Automatic musical instruments played an important "roll" in my development as a composer/arranger. I first discovered WurliTzer music courtesy of a style 30-A Mandolin PianOrchestra in the Playland Arcade, Balboa, California. I had lived in Balboa during 1963, and visited almost every weekend later in the sixties. The owner of the 30-A, Richard Sandoval, offered me the machine for $10,000.00- a fortune in 1968 for a 17 year old kid. Later, Terry Hathaway bought it and it subsequently found its way into the collection of Mike Aames of Solana Beach, CA. I must have played every roll on its 6-roll changer dozens of times, thoroughly absorbing the famous WurliTzer school of arranging. Between that instrument and subsequent Seeburg, Coinola and WurliTzer and other instruments I would later own, plus 88-note "full orchestra" rolls played on my player piano, I became educated in the various roll arranging styles (which were based upon the solid band and orchestra arranging of the day) utilized for paper rolls. I also learned "period" arranging from listening to the Pryor Band, Victor Military Band, Prince's Band (and orchestra) & Edison Military Band 78s.
In 1976, I took my musical/pneumatic knowledge/skills and developed a new art form, automated musical sculpture, which was shown at several Los Angeles, San Diego and New York art galleries and museums. My ensemble of electro-pneumatic "art" contraptions played "music" using a tuning system of nearly 100 notes to each octave! Here was avant garde based upon the automatic theater organ technology of the 1920s! They recorded compositions and played them back digitally- years before the Yamaha DisKlavier (r) et al. The system I had designed was among the first incorporating usage of CMOS chip technology, and it allowed visitors to the installations to either try their hands (on touch-sensitive key boards arranged like no other keyboard had ever been) in creating their own compositions, or hear pre-recorded (and digitally encoded to operate the acoustic structures) music I had composed, mostly improvised, often with friends and associates.

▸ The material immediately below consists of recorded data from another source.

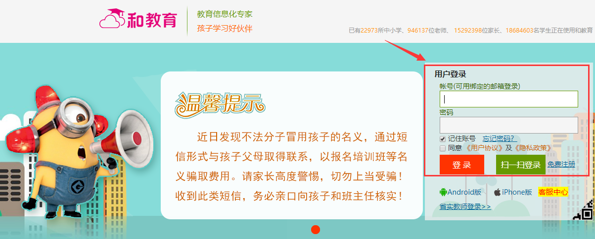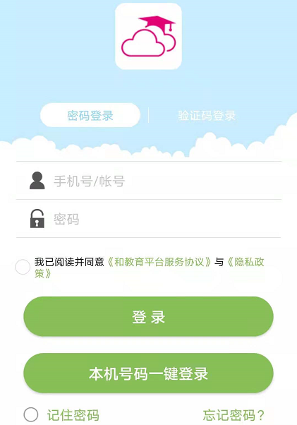 (注:账号可以为开通“和教育”的手机号,若忘记密码,请点击右侧“忘记密码?”找回)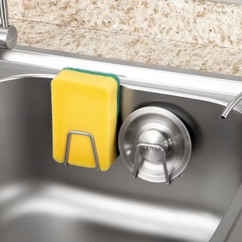 Chrome Plated Stainless Steel Kitchen Sink Sponge Rack Self-adhesive Design Steel Structure Used for Drying and Drainage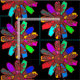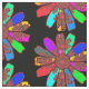Retro och asiatisk, inspirerad, färgstark blommigt med fet design på svart bakgrund.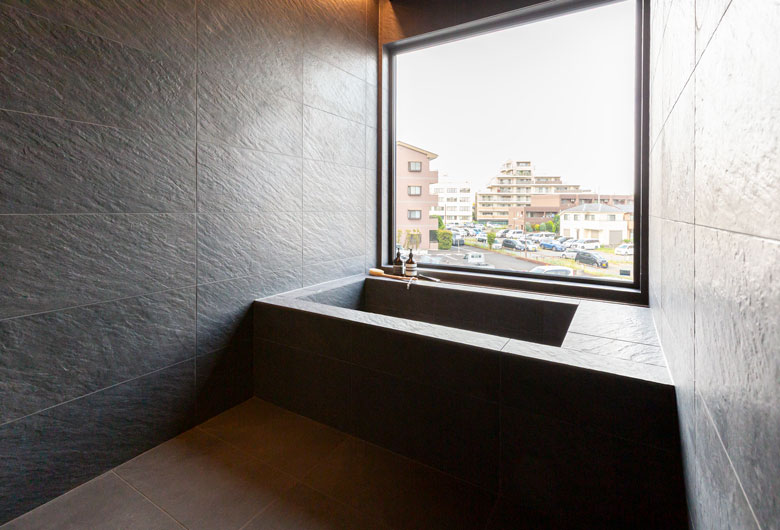 2階のモデルルームでは石や植栽、無垢材など自然の要素を取り入れたモダンデザイン。

At age 23, I was elected to the American Society of Composers, Authors and Publishers (ASCAP) and did professional scoring in Hollywood of films and commercials.
In the early 1980s, I began composing original ragtime for concert bands, brass bands & other instrumental ensembles. Today, my compositions are published by Bernel Music, Ltd. (brass band), Bourne Co. (concert band), Concert Works Unlimited, Dorn Publications, Ludwig Music Publishing, Manhattan Beach Music, plus my own company, SKG Publishing, which in addition to publishing band & orchestra ragtime, has the largest listing available today of ragtime and blues for saxophone quartet. 1995 marks the 4th year I have been awarded an ASCAP Popular Music Composition Award for ragtime. In 1987, my rag for band, "That Newport Rag", was commissioned by the city of Newport, Oregon as their "official" music. I have also received commissions from the San Diego Symphony Orchestra, The Brazil Concert Band, to name a couple. I have contributed articles on ragtime, particularly for band, for "The Rag Times" (15522 Ricky Ct., Grass Valley, CA 95949) and was ragtime editor for "The West Coast Rag" from 1990-91. The demand for ragtime for bands and orchestras is brisk and growing fast- both for my originals as well as arrangements I have made. There are two contemporary piano roll arrangers planning "full scale" arrangements of several of my rags- a real treat for me as I have been a collector of rolls and music machines since the days of Hathaway & Bowers in the late 1960s!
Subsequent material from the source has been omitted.